King: Yeah. I think, unfortunately — or fortunately, depending on how you look at it — the greatest opportunity is actually just going to come from pain. We know that we’re facing a clinical health care worker shortage. By 2033, there’s going to be a massive shortage of health care workers. And if you already look at the issues around burnout, with a majority of clinicians burnt out, there’s already an enormous amount of pain and overwork. I think in many ways that we’re most likely to see adoption cutting coming from the bottom up, where the clinician is asking. And I didn’t talk about clinical notation, but that’s a huge area in which large language models and machine learning can play a role by starting to do some of the work, and the tasks that clinicians don’t need to be doing. And by saving them that time, then you can allow them to reconnect with patients, deliver higher quality care. I think in many ways, education is certainly going to be more important. But based on my experience, people are really much more willing to adopt things when there’s a real need for them. And right now in health care, there’s a strong need for help to augment clinical workflows, particularly with the things that clinicians don’t need to be doing. I think, very soon we’re going to be seeing it.

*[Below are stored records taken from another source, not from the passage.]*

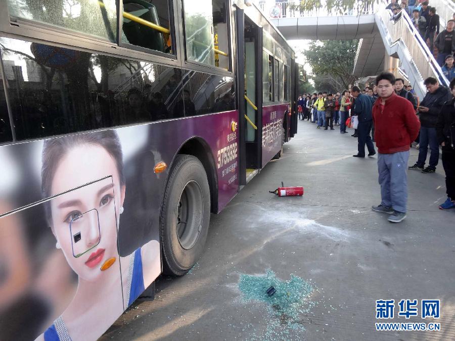 1月15日拍摄的福建厦门公交车起火现场。当日近8时,一辆车牌为闽DZ3321的656路公交车行驶至厦门吕岭路蔡塘路口时车厢中部突然起火,造成数名乘客受伤,其中1人烧伤,其余人员系车辆紧急制动时不慎撞伤。消防和派出所迅速到场,目前火已被扑灭,伤者已送医。警方在现场已控制一名犯罪嫌疑人。案件正在调查中。新华社发
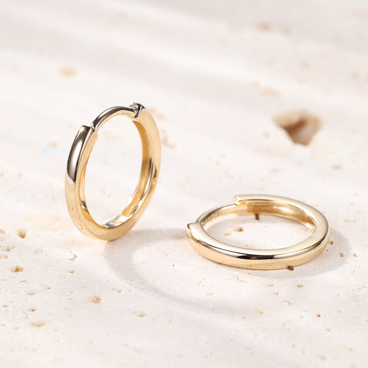 Made from solid 14 karat gold. Available in three sizes: small (20 mm), medium (30 mm), large (40 mm) diameter. Hinged hoop closure. Sold as a pair.
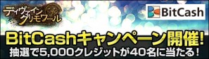 「ディヴァイン・グリモワール2周年記念!BitCashキャンペーン」を開催いたします。期間中にBitCashを使用して5,000円以上チャージすると、すぐに貰える!BitCash 5,000クレジットを抽選で40名にプレゼント!
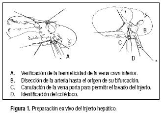 Se realiza al mismo tiempo que la hepatectomia en el receptor y consiste en preparar las zonas de anastomosis vascular y biliar del injerto.
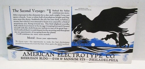 AMERICAN ELECTROTYPE COMPANY PHILADELPHIA INK BLOTTER 1924 SINBAD SECOND VOYAGE
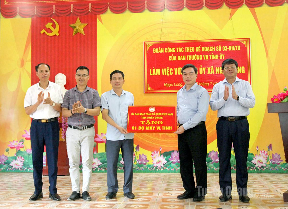 | Đoàn công tác tặng máy tính cho xã. |
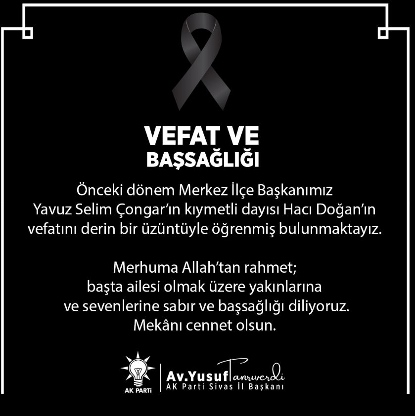 Acı Haberi AK Parti Sivas İl Başkanı Yusuf Tanrıverdi Duyurdu.. AK Parti Sivas İl Başkanı Yusuf Tanrıverdi, yayımladığı taziye mesajıyla önceki dönem Merkez İlçe Başkanı Yavuz Selim Çongar’ın dayısı Hacı Doğan’ın hayatını kaybettiğini duyurdu.

Bradlow: That’s a great point. I just had an example the other day where someone — I’ll just say, with a large investment bank — told me that all of their meetings are now reported. Now the agent or the investment advisor doesn’t need to take notes, because all of that is automatically put into the system. Any types of decisions they mad, get automatically implemented, because they’re now, in this case, voice recorded automatically. Now the investment advisor can spend time on training and other forms of doing her, his or their job actually better, which is a really great point.
Maybe in the last minute or two that we have, let me ask each of you. I’m trying to ask each person in this podcast series about this. Let’s say we’re sitting here 10 years from now. That’ll be my 38th year at Wharton. What are we talking about that either you, or you think the field of AI in health care from an algorithmic or data perspective — what have we seen over the past 10 years? What’s your hope and dream at least, even if it’s not going to happen?

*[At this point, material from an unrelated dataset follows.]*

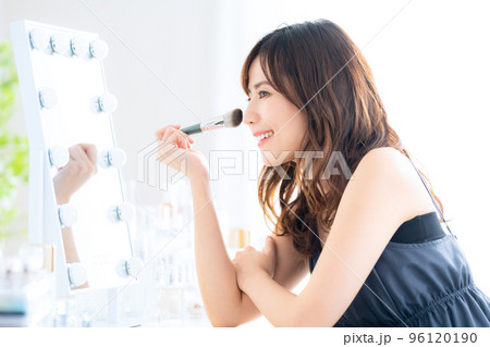 鏡を見ながらセルフメイクをする若い女性 ビューティー イメージ

Bastani: We will definitely have adoption on notes, for example, or things that physicians don’t want to do. I think we’ll have more adoption in developing countries where there isn’t — I know we’re short staffed even in the U.S. — but where there isn’t as much health workers staff to reach underserved communities. So, automation is being more adopted in those locations. And I think definitely for things like radiology, I think we’ll still be facing challenges with things like alarm fatigue and adoption for places where we have clinician experts. And I think with models like GPT coming out, I think it’ll be easier to educate people on machine learning and be able to better enable this human AI collaboration. But I feel like that is going to be a big challenge even 10 years from now.

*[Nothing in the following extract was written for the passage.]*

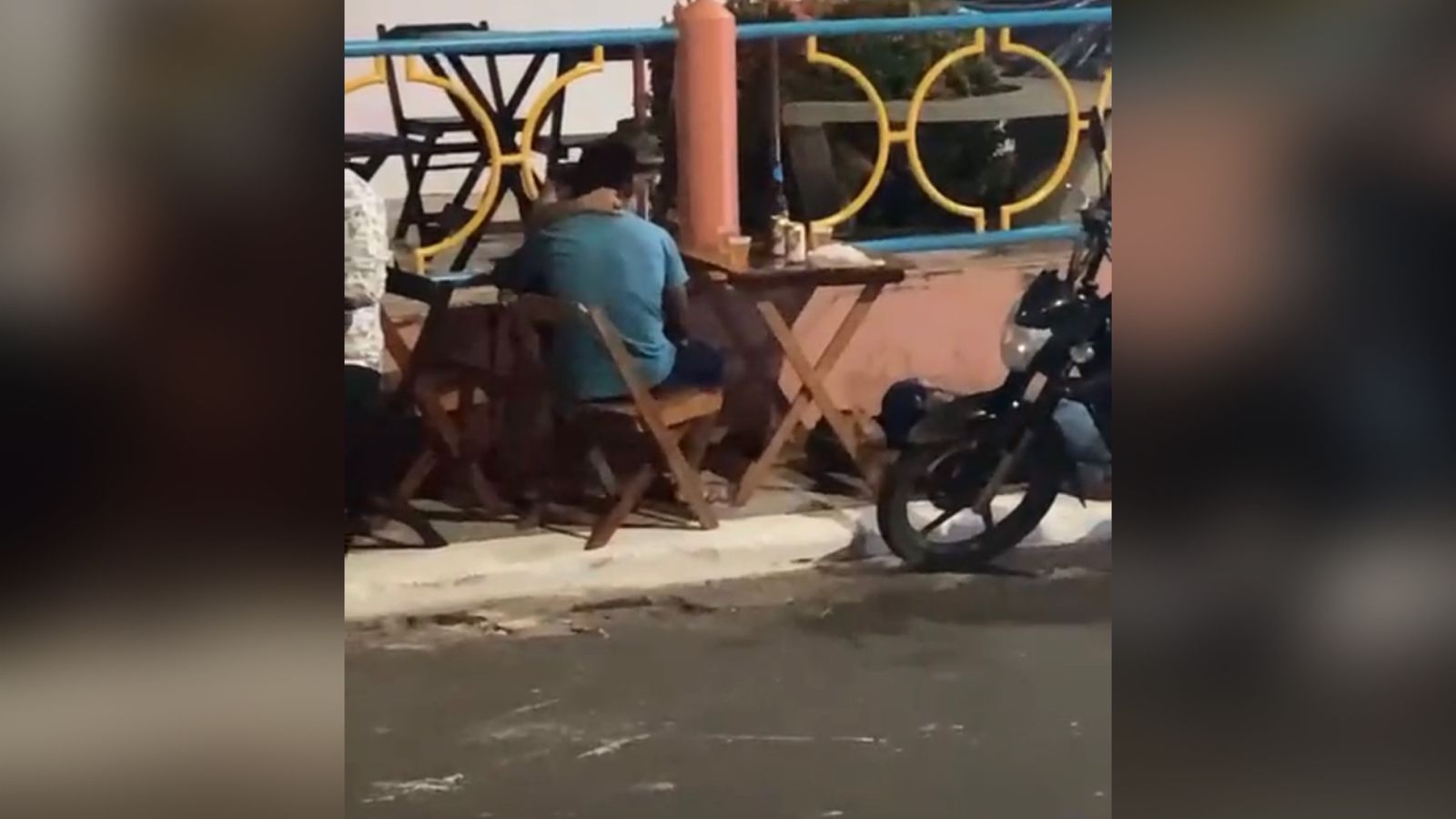O casal estava em um boteco conhecido da cidade e não se intimidou com a presença de outros clientes no estabelecimento. No vídeo, é possível ver que a mesa ao lado estava ocupada, com clientes bebendo e comendo normalmente, sem perceber o que estava acontecendo. Ainda no vídeo, é possível ver que um morador em situação de rua está deitado bem perto da mesa do casal safadinho, mas ele dorme sem perceber o movimento.

Bradlow: What do you think we’re so what are we going to see out there, whether it’s in the field or what we as academics are doing?
King: I mean, both Hamsa and I’s goal at the Analytics Lab is to try to improve access to care and quality care for all, and I think that that’s hopefully where analytics will take us.
Bradlow: Well, I’d like to thank both of you for our podcast series episode here on AI and health care. I’d like to thank again my colleague, Marissa King, and Hamsa Bastani. Thank you again for joining me.